Transcribe each line of the records below exactly, excluding any embedded images.

──────── AVAILABLE RECORDS

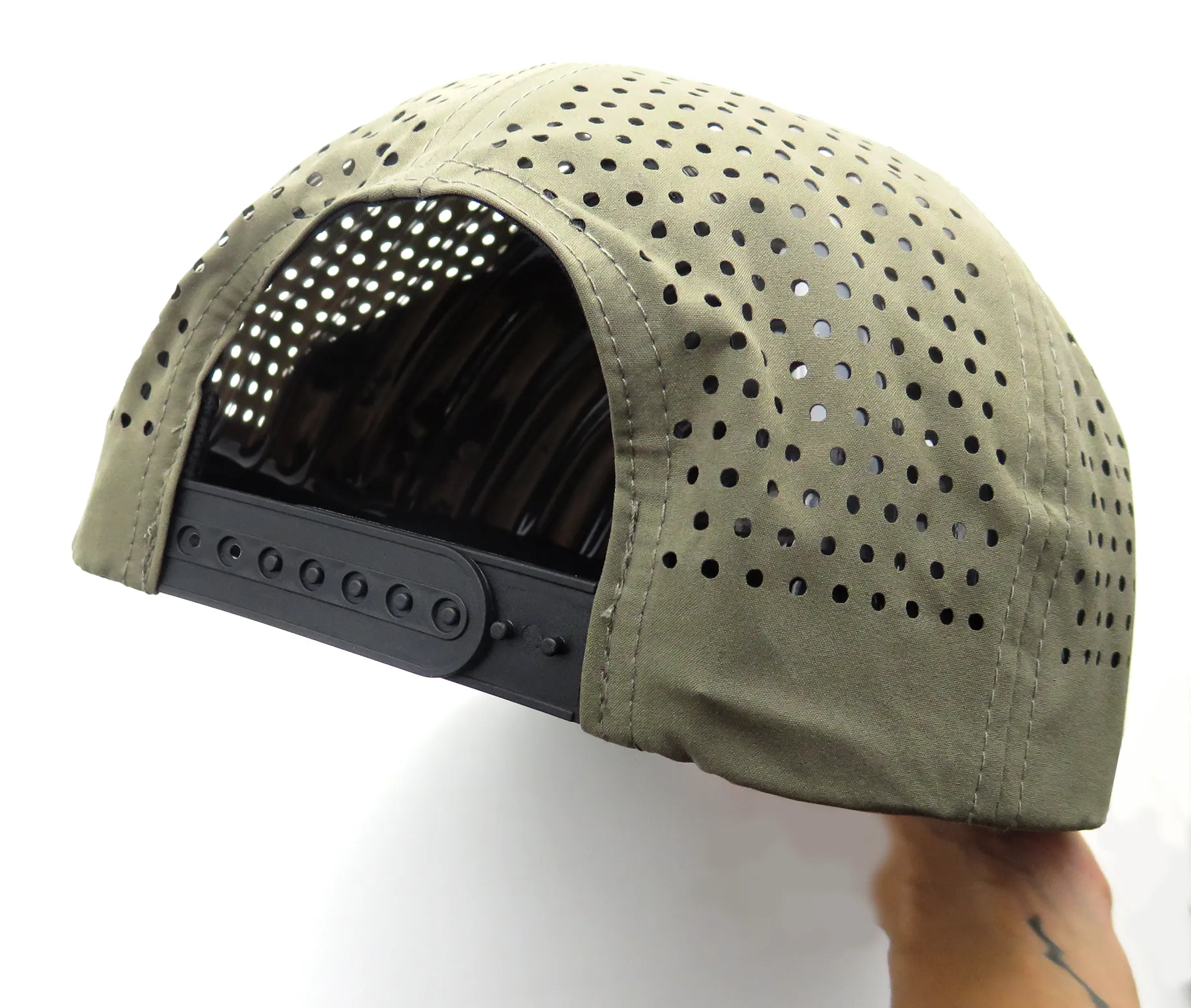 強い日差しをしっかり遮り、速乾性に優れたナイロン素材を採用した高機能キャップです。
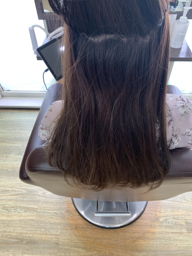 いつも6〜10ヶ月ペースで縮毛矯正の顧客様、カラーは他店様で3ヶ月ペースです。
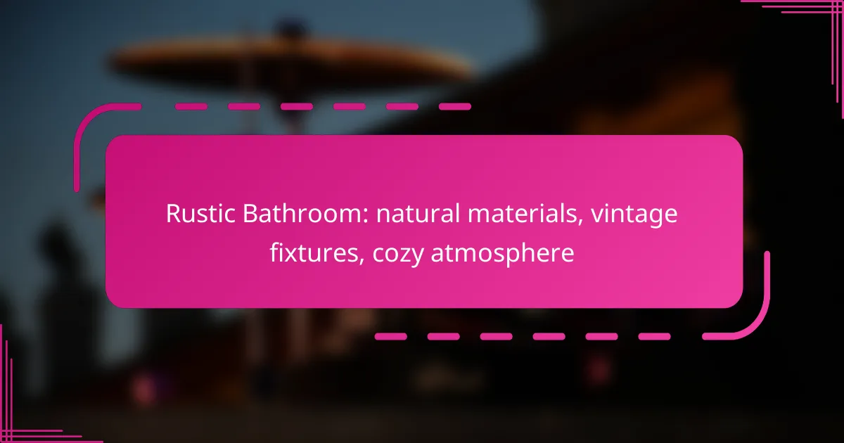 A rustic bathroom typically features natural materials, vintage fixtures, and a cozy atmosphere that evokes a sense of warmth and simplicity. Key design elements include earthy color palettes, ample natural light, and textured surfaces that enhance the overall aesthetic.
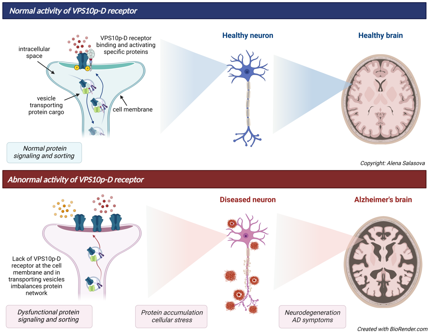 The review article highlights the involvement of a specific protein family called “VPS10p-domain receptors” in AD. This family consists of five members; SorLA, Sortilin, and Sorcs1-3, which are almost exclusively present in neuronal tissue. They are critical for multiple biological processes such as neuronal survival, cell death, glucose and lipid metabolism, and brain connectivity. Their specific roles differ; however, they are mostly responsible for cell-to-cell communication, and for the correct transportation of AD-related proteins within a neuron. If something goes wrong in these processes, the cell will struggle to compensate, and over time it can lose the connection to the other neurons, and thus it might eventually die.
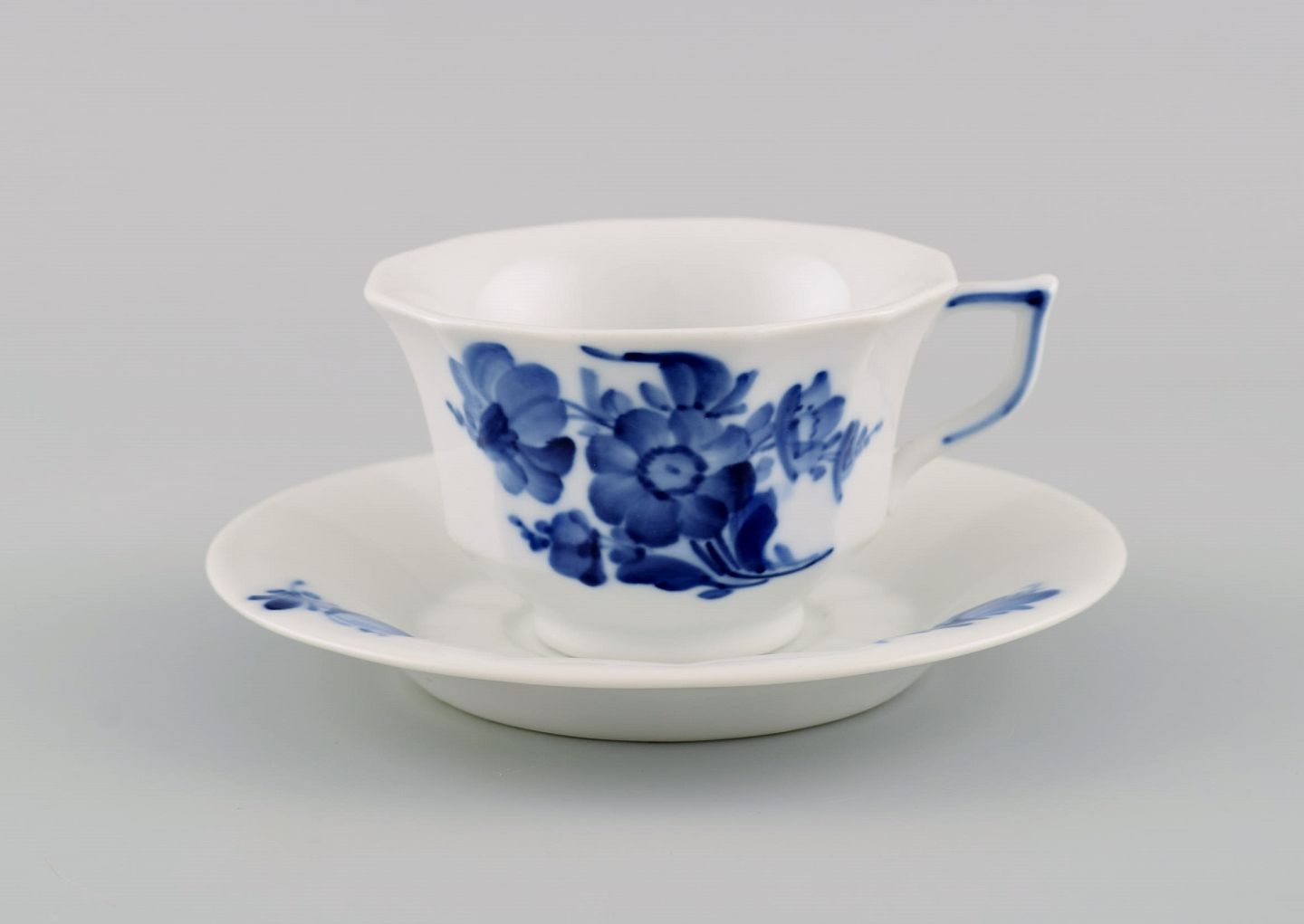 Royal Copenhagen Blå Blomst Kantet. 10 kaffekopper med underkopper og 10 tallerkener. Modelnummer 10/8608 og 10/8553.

────────────────

### [WRITTEN REPLY]
 強い日差しをしっかり遮り、速乾性に優れたナイロン素材を採用した高機能キャップです。
 いつも6〜10ヶ月ペースで縮毛矯正の顧客様、カラーは他店様で3ヶ月ペースです。
 A rustic bathroom typically features natural materials, vintage fixtures, and a cozy atmosphere that evokes a sense of warmth and simplicity. Key design elements include earthy color palettes, ample natural light, and textured surfaces that enhance the overall aesthetic.
 The review article highlights the involvement of a specific protein family called “VPS10p-domain receptors” in AD. This family consists of five members; SorLA, Sortilin, and Sorcs1-3, which are almost exclusively present in neuronal tissue. They are critical for multiple biological processes such as neuronal survival, cell death, glucose and lipid metabolism, and brain connectivity. Their specific roles differ; however, they are mostly responsible for cell-to-cell communication, and for the correct transportation of AD-related proteins within a neuron. If something goes wrong in these processes, the cell will struggle to compensate, and over time it can lose the connection to the other neurons, and thus it might eventually die.
 Royal Copenhagen Blå Blomst Kantet. 10 kaffekopper med underkopper og 10 tallerkener. Modelnummer 10/8608 og 10/8553.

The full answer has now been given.